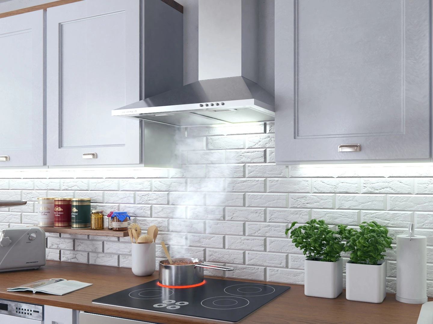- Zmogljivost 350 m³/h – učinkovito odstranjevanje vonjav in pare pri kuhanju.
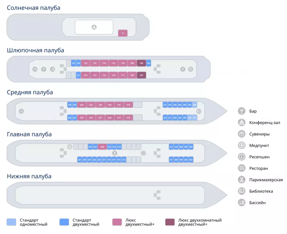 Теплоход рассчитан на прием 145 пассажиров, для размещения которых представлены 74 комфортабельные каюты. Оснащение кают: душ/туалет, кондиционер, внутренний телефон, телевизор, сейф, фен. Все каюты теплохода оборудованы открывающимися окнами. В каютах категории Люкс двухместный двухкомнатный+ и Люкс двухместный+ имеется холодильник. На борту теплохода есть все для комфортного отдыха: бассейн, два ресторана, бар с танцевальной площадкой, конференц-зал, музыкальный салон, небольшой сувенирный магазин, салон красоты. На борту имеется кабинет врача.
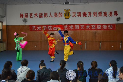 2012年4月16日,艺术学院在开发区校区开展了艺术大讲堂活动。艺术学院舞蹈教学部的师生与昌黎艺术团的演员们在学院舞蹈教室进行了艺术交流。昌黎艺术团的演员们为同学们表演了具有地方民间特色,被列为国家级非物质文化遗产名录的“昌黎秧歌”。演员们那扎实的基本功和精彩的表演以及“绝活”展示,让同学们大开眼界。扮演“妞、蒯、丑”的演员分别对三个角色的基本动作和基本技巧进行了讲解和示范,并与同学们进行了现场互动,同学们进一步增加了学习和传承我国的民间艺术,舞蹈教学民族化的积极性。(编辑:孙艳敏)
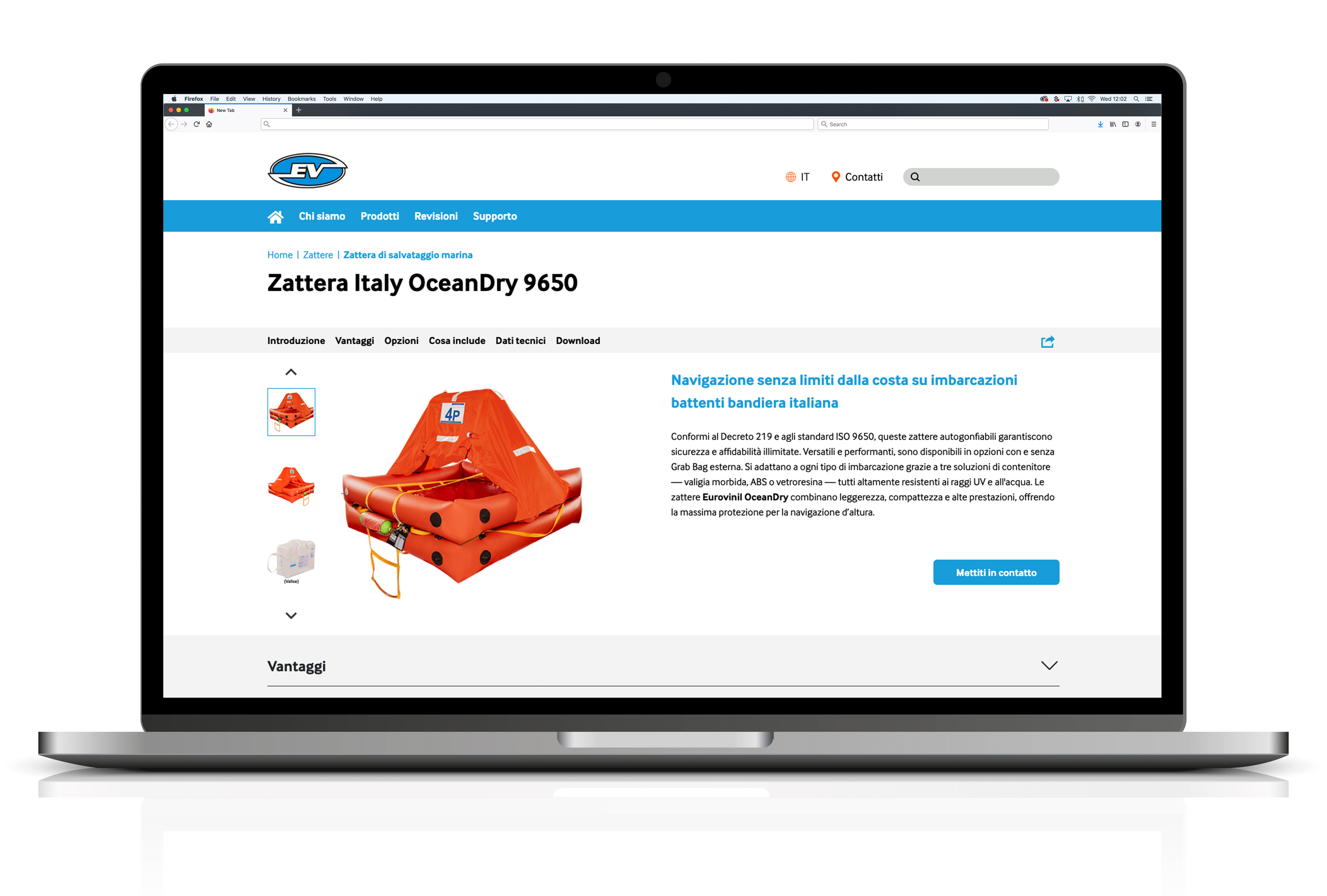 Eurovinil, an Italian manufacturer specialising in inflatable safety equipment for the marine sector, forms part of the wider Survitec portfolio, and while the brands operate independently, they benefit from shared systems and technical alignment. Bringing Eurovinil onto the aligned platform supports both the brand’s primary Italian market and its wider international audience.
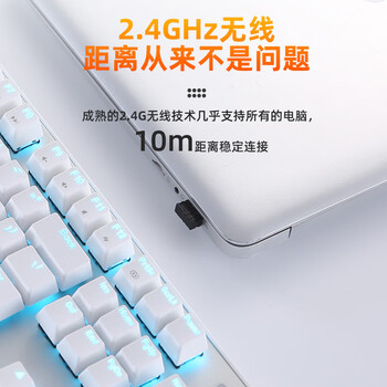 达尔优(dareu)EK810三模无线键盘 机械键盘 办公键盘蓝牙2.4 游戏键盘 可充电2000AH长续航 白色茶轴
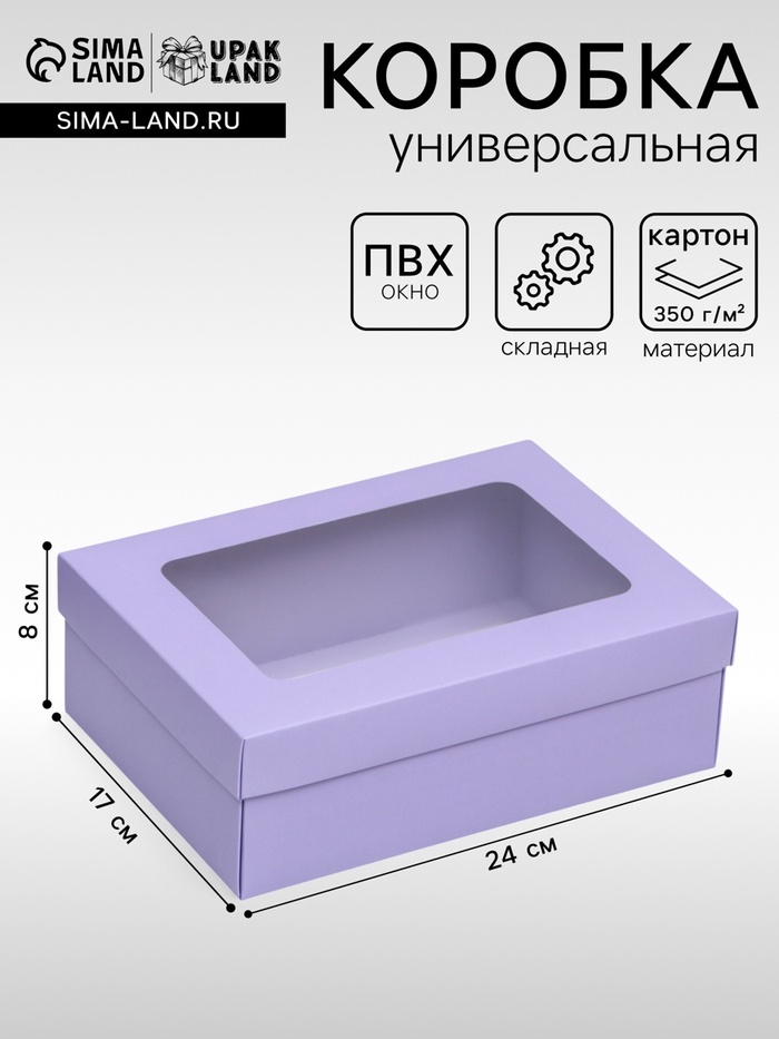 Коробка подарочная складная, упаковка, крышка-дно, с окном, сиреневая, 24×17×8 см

□ □ □ □ □ □ □

▶ **Exercise objective**:
An exact, picture-free copy of the entries is required.

▶ **The completed task**:
- Zmogljivost 350 m³/h – učinkovito odstranjevanje vonjav in pare pri kuhanju.
 Теплоход рассчитан на прием 145 пассажиров, для размещения которых представлены 74 комфортабельные каюты. Оснащение кают: душ/туалет, кондиционер, внутренний телефон, телевизор, сейф, фен. Все каюты теплохода оборудованы открывающимися окнами. В каютах категории Люкс двухместный двухкомнатный+ и Люкс двухместный+ имеется холодильник. На борту теплохода есть все для комфортного отдыха: бассейн, два ресторана, бар с танцевальной площадкой, конференц-зал, музыкальный салон, небольшой сувенирный магазин, салон красоты. На борту имеется кабинет врача.
 2012年4月16日,艺术学院在开发区校区开展了艺术大讲堂活动。艺术学院舞蹈教学部的师生与昌黎艺术团的演员们在学院舞蹈教室进行了艺术交流。昌黎艺术团的演员们为同学们表演了具有地方民间特色,被列为国家级非物质文化遗产名录的“昌黎秧歌”。演员们那扎实的基本功和精彩的表演以及“绝活”展示,让同学们大开眼界。扮演“妞、蒯、丑”的演员分别对三个角色的基本动作和基本技巧进行了讲解和示范,并与同学们进行了现场互动,同学们进一步增加了学习和传承我国的民间艺术,舞蹈教学民族化的积极性。(编辑:孙艳敏)
 Eurovinil, an Italian manufacturer specialising in inflatable safety equipment for the marine sector, forms part of the wider Survitec portfolio, and while the brands operate independently, they benefit from shared systems and technical alignment. Bringing Eurovinil onto the aligned platform supports both the brand’s primary Italian market and its wider international audience.
 达尔优(dareu)EK810三模无线键盘 机械键盘 办公键盘蓝牙2.4 游戏键盘 可充电2000AH长续航 白色茶轴
 Коробка подарочная складная, упаковка, крышка-дно, с окном, сиреневая, 24×17×8 см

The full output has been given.